▸ Material provided:
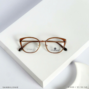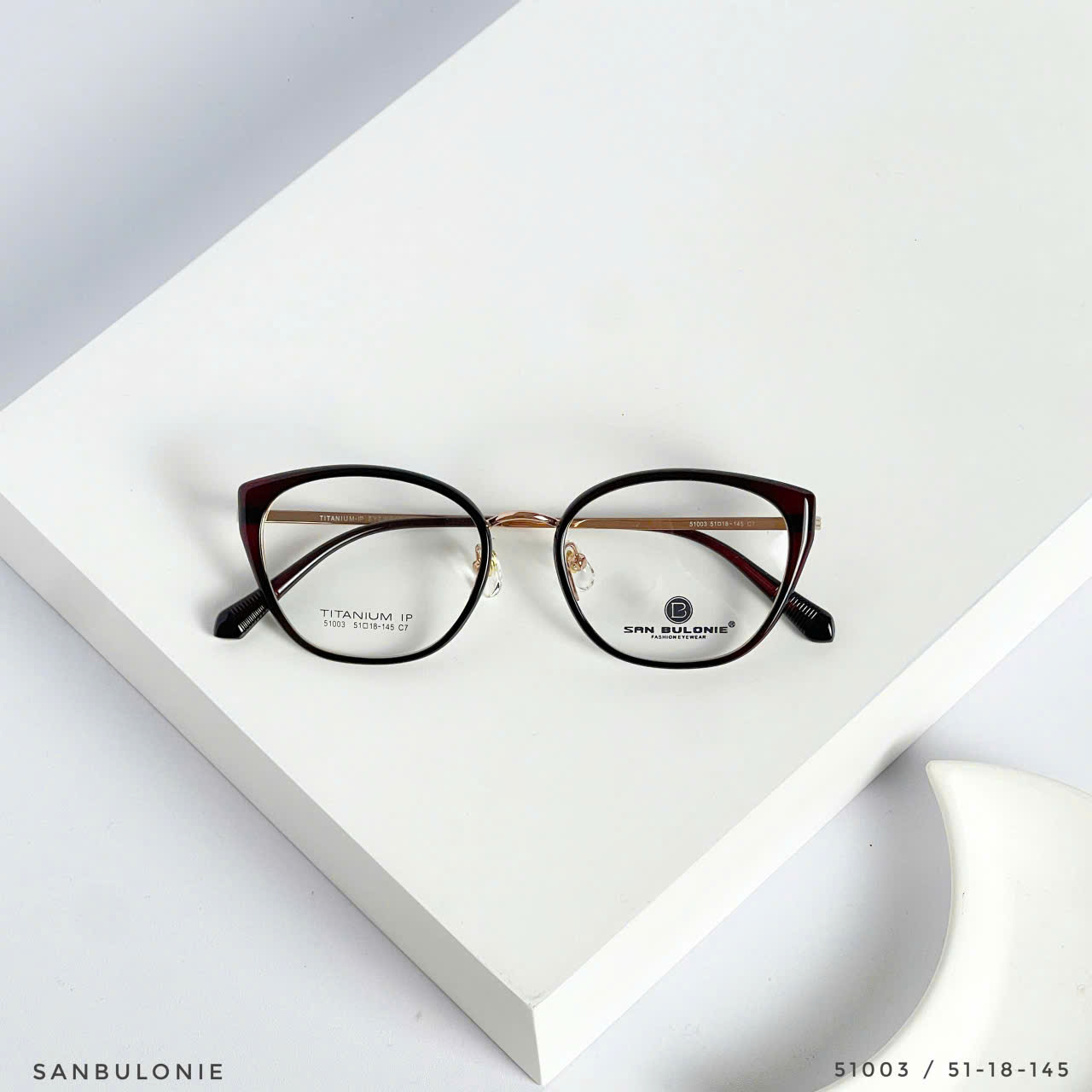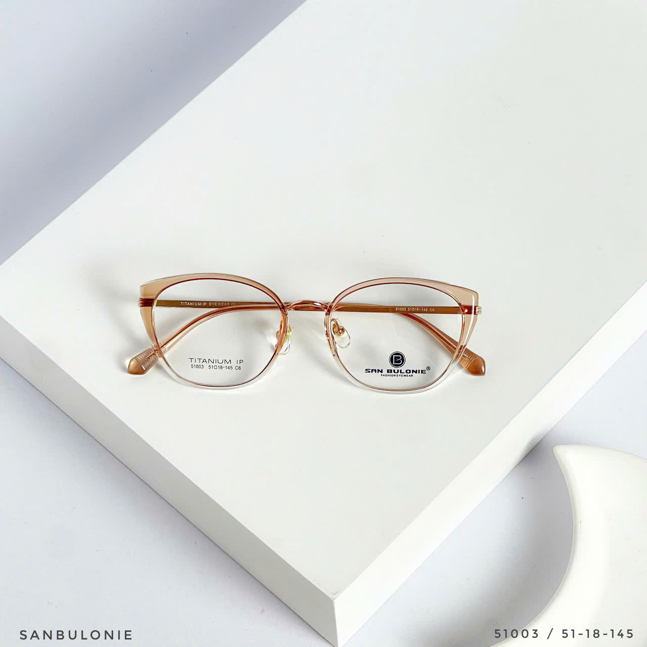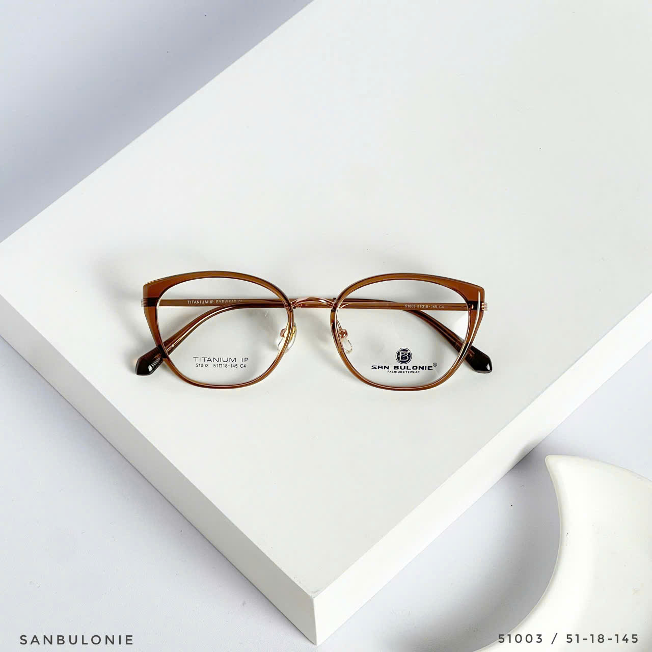 Kính SANBULONIE Titanium 51003 sở hữu thiết kế mắt mèo bo mềm, vừa cá tính vừa giữ được sự tinh tế, giúp khuôn mặt trông thon gọn và hài hòa hơn. Gọng được chế tác từ Titanium IP cao cấp, siêu nhẹ, chống oxy hóa và mang lại cảm giác đeo thoải mái cả ngày.
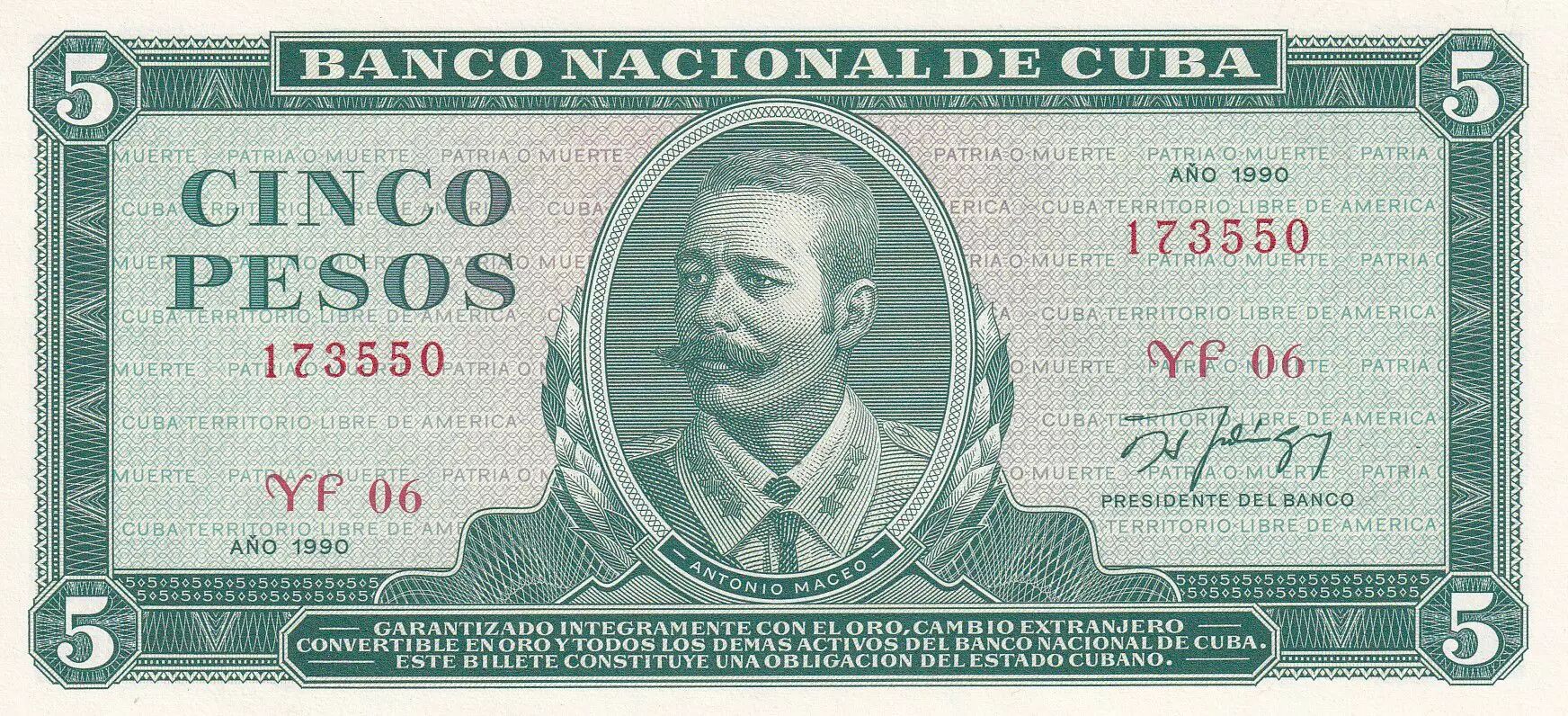 Accueil > Archivage > Cuba 5 Pesos - Antonio Maceo - 1990 - NEUF - P.103d
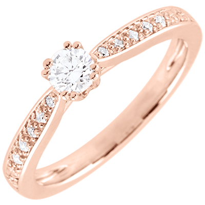 Diament środkowy w ośmiu krapach na wyrafinowanej obrączce usianej diamentami.

▸ Requirement:
When you repeat the data, keep it exact and drop every picture.

▸ Written response:
 Kính SANBULONIE Titanium 51003 sở hữu thiết kế mắt mèo bo mềm, vừa cá tính vừa giữ được sự tinh tế, giúp khuôn mặt trông thon gọn và hài hòa hơn. Gọng được chế tác từ Titanium IP cao cấp, siêu nhẹ, chống oxy hóa và mang lại cảm giác đeo thoải mái cả ngày.
 Accueil > Archivage > Cuba 5 Pesos - Antonio Maceo - 1990 - NEUF - P.103d
 Diament środkowy w ośmiu krapach na wyrafinowanej obrączce usianej diamentami.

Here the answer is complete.